His exit is managed without the calculated poise of his entrance. It is a relief, I tell myself, to have him out of my hair. (Which hair? Witch hair.)
We meet halfway on the basement stairs, Yuri coming down as I ascend. I throw him a kiss, which he takes as his due. He points his index finger at me. Bang bang.
I feel emptied out. I take two Tylenol caplets and lie down. I put my hand on my heart. (It may not even be where I think it is.) I listen to myself breathe.
I wake to a kiss between the eyes. Yuri says, leaning over me, “What are we going to do about dinner?”

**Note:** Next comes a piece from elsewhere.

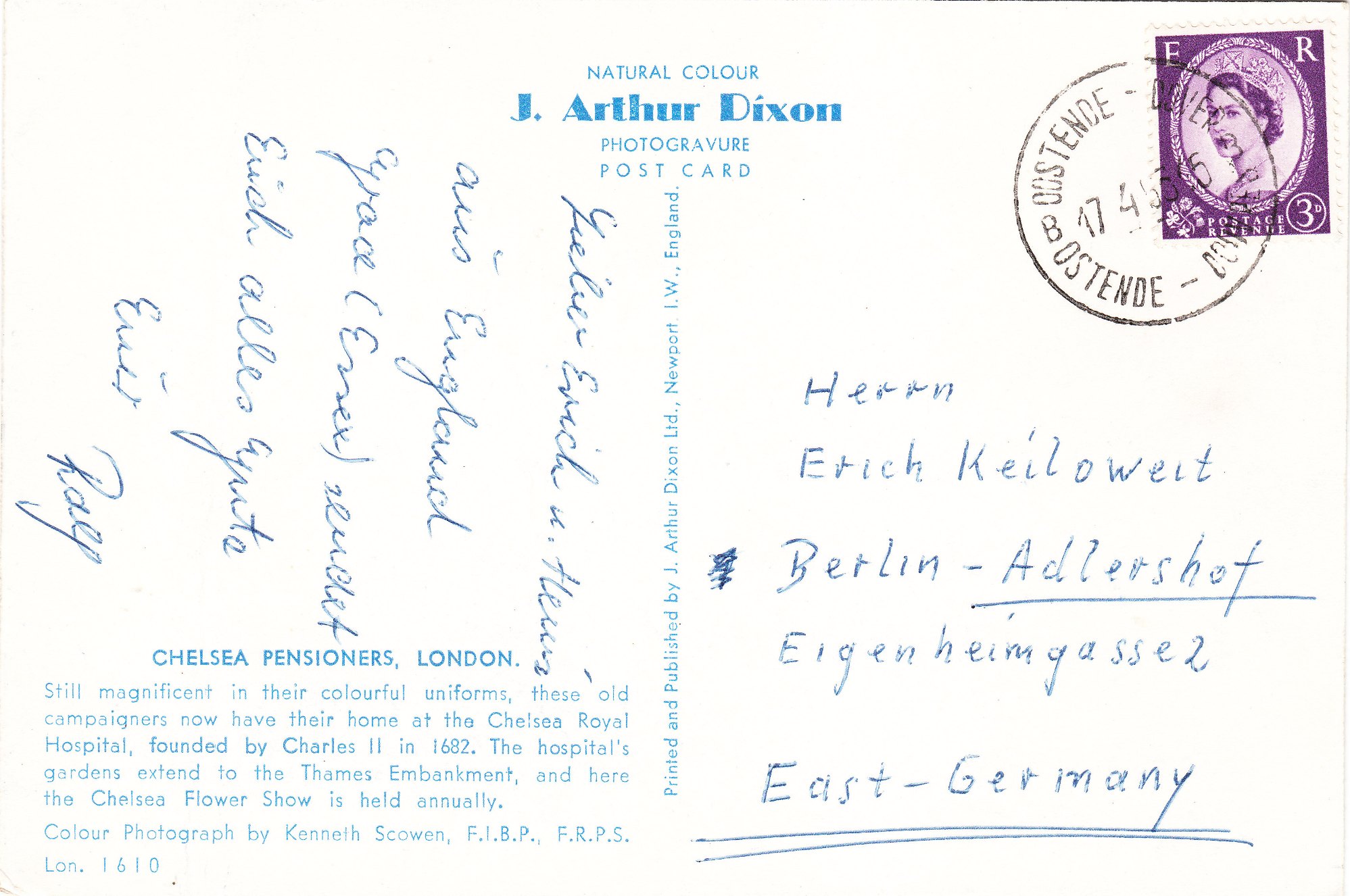 Diese Ansichtskarte wurde laut Text am 17.07.1952 um 14:20 Uhr im Eisenbahnabteil geschrieben und dann während der Überfahrt des Zuges an Bord der Eisenbahnfähre aufgegeben, was ein zweisprachiger Tagesstempel vom 17.07.1952 um 18 Uhr dokumentiert:

I wake in an erotic phase. Why do n’t you just eat me like a banquet, I think of saying. This familiar man, sitting half-turned away on the bed, is talking of taking Chinese food in for dinner, has General Tso’s chicken on his mind. I touch his arm. I rub it as if it were a magic lamp. Otherness is an unbridgeable distance. (When we met he told me he was five ten; I said I was five seven and a half. One day last month, I realized we were really the same height.)
“Do we have a date for tonight?” he asks.
“Why don’t you make the decision about dinner?” I say. “I don’t want to think about it.”
Two things upset me today. Two trifles. A letter from an insurance company addressed to Dr. and Mrs. Tipton. Yuri showing me a rather charming love note from one of his clinical psych students.